● YOUR TASK
Output the listing word for word, minus images.

BEGIN SOURCE DATA

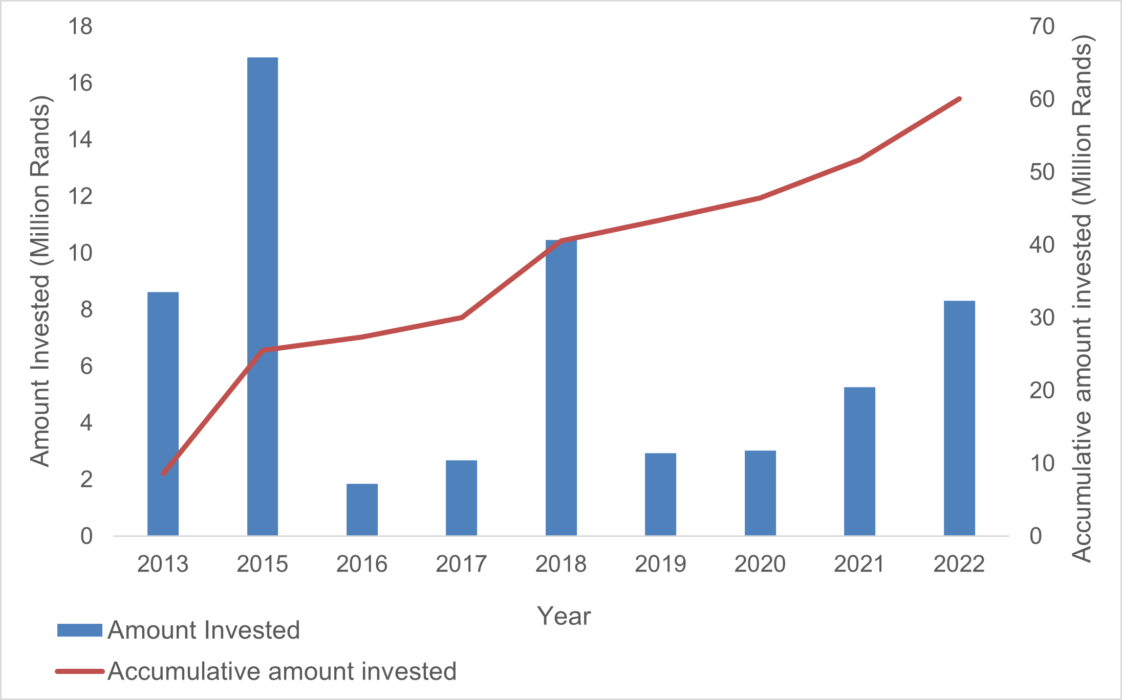 Between 2013 and 2022, the FBIP funded 124 DNA barcoding-related projects totalling over R60 million (Figure 1). These efforts align with both international and national obligations, including the United Nations Convention on Biological Diversity (CBD), the Intergovernmental Platform on Biodiversity and Ecosystem Services (IPBES), and South Africa’s National Environmental Management: Biodiversity Act (NEM:BA).
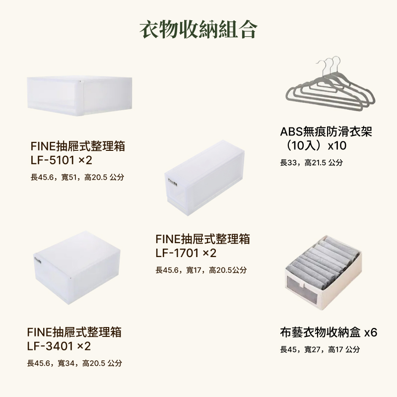 - 布藝衣物收纳盒 x6個 (長45,寬27,高17公分)
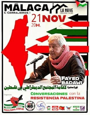 En su gira por Andalucía, el militante Fayed Badawi, ex portavoz del Frente Popular para la Liberación de Palestina FPLP, ofrecerá varias charlas sobre la resistencia del pueblo palestino frente a la ocupación colonial sionista.
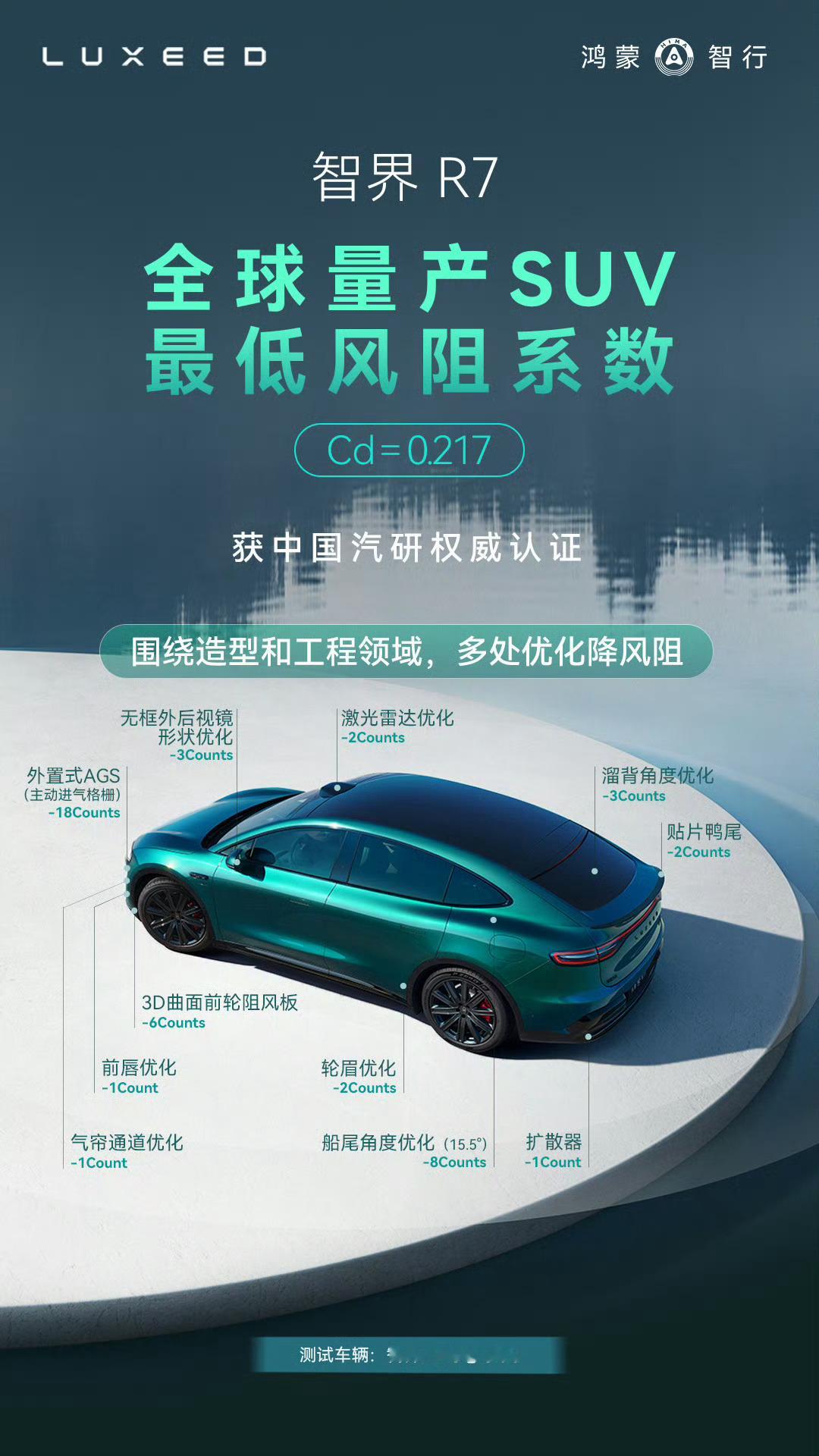 智界R7创全球量产SUV最低风阻纪录 你的续航有多少为风阻买了单智界R7创全球量产SUV最低风阻系数0.217!风阻系数还是挺影响汽车的整体续航的,你们买车会考虑风阻吗?

END SOURCE DATA

● ANSWER AREA
 Between 2013 and 2022, the FBIP funded 124 DNA barcoding-related projects totalling over R60 million (Figure 1). These efforts align with both international and national obligations, including the United Nations Convention on Biological Diversity (CBD), the Intergovernmental Platform on Biodiversity and Ecosystem Services (IPBES), and South Africa’s National Environmental Management: Biodiversity Act (NEM:BA).
 - 布藝衣物收纳盒 x6個 (長45,寬27,高17公分)
 En su gira por Andalucía, el militante Fayed Badawi, ex portavoz del Frente Popular para la Liberación de Palestina FPLP, ofrecerá varias charlas sobre la resistencia del pueblo palestino frente a la ocupación colonial sionista.
 智界R7创全球量产SUV最低风阻纪录 你的续航有多少为风阻买了单智界R7创全球量产SUV最低风阻系数0.217!风阻系数还是挺影响汽车的整体续航的,你们买车会考虑风阻吗?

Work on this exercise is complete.